* 3-month yen Libor dips below dollar first time since Aug
* ECB's pledges to return to variable 3-mo ops
* But ECB extends unlimited 1-week, 1-month facilities
* Portuguese repo spread widen, Greek repo thinly traded
LONDON, March 4 (Reuters) - The interbank cost of borrowing
three-month dollar funds edged higher on Thursday while for yen
funds it fell, taking the Japanese currency rate below that of
the greenback for the first time since August.
In Europe, European Central Bank President Jean-Claude
Trichet outlined the first steps to stemming ample liquidity
provisions the bank has made since late 2008.
The ECB will return to ordinary, variable rate, fixed sum
tenders for 3-month loans for banks from April, unwinding some
of the extraordinary help it gave the euro zone economy.
But balancing that move, Trichet also told a news
conference, after the ECB left key interest rate steady at a
record low 1.0 percent, that the bank would lend banks unlimited
amounts in its weekly and monthly operations until at least
October, longer than many analysts expected. [ID:nLDE62307B]
The decision to return to an auction-based approach for its
longer-term lending tenders might encourage banks back to the
ECB's weekly operations.
The change should make it easier for the ECB to reduce the
amount of excess liquidity in the banking system when they feel
it is necessary, according to Lena Komileva, director of G7
Market Economics, Tullett Prebon, London.
But some traders remained sceptical.
"Trichet's announcement about returning to auction for 3
month refi is a surprise and it is premature," said one
Italy-based money market trader.
While variable rate three-month tenders may have less impact
on cash money market rates than some feared, Komileva said, "It
is clear the level of central bank-supported liquidity in the
system will decline, which will lift Eonia and forward rates,
contributing to higher Euribor rates."
Analysts saw little impact on Libor rates from the policy
Yen Libor has historically been below dollar Libor and the
crossover may suggest a normalisation in money markets.
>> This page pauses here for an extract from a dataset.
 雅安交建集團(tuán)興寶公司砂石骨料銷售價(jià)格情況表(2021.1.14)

That changed in August, making the dollar a more attractive
funding currency for carry trades and hampered efforts to keep
the yen competitive for export markets.
In December, the Bank of Japan introduced three-month funds
at a 0.1 percent rate at an emergency policy meeting, aimed at
depress rates, in the face of government pressure to do more to
fight deflation and following the yen's surge to a 14-year high
against the dollar in late November. [ID:nT0E5B904U]
On Thursday, just ahead of the ECB's rate decision, the yen
Libor JPY3MFSR= was fixed at 0.25063 percent -- its lowest
level since May 2006 -- and the dollar USD3MFSR= rate at
0.25219 percent, according to the latest fixings by the British
Bankers' Association. [ID:nEAP000023].
That left three-month Swiss franc Libor CHF3MFSR= at
0.24833 percent the cheapest among major currencies.
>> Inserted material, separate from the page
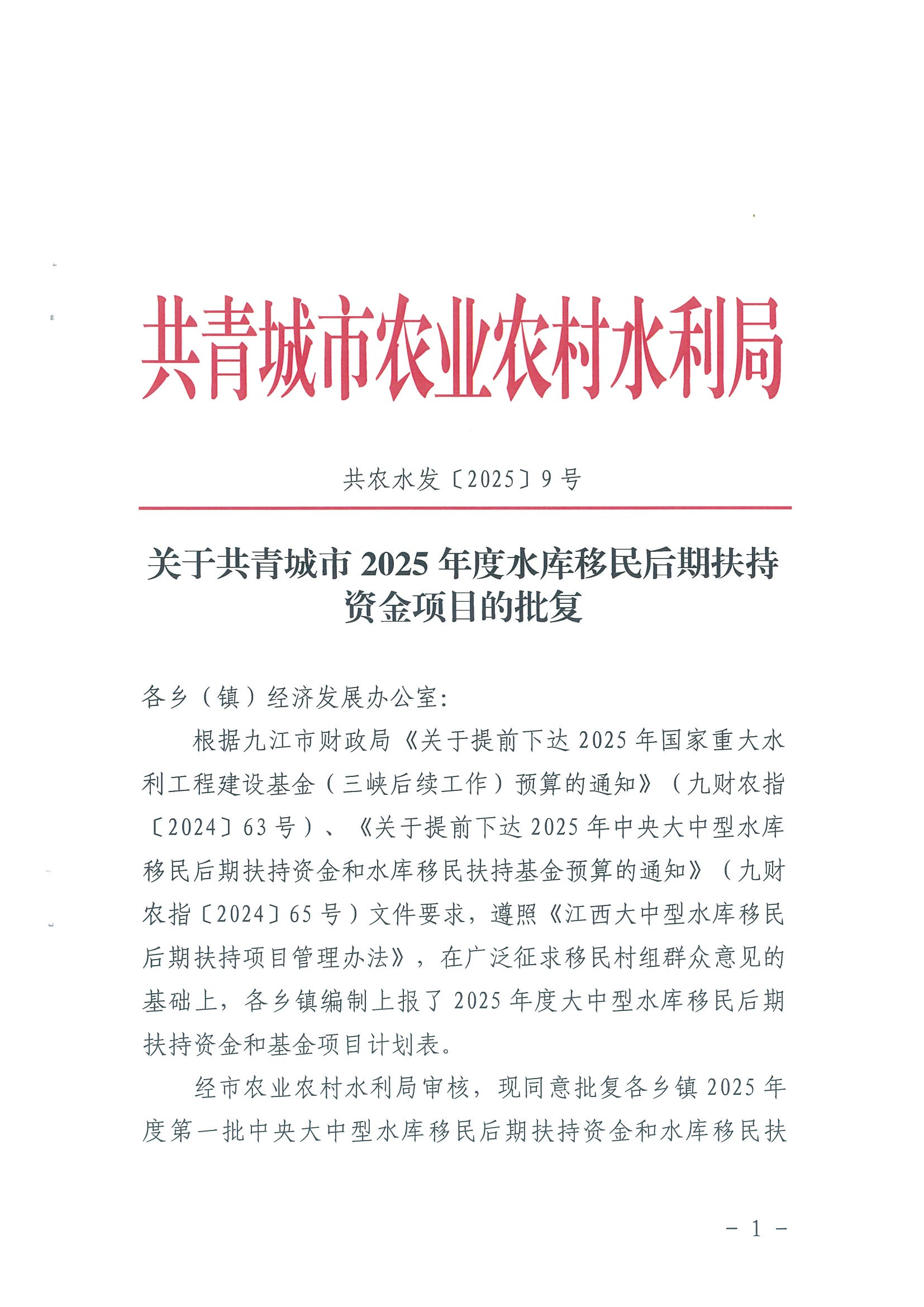 关于共青城市2025年度水库移民后期扶持资金项目的批复

"Evidently, the yen is trending lower while the dollar rate
just hovers around 25 basis points waiting for the day the
Federal Reserve will tighten," said Peter Chatwell, a market
analyst at Credit Agricole CIB in London.
While Greece sold 5 billion euros of a new 10-year
syndicated bond, the Greek repo market remained stressed, and so
too did the Portuguese repo market.
"Against this backdrop...Portuguese repo spreads over Eonia
have widened with 1-month repos trading some 10 basis points
above German repos, double the levels seen a month ago and
liquidity is thinning," Komileva said.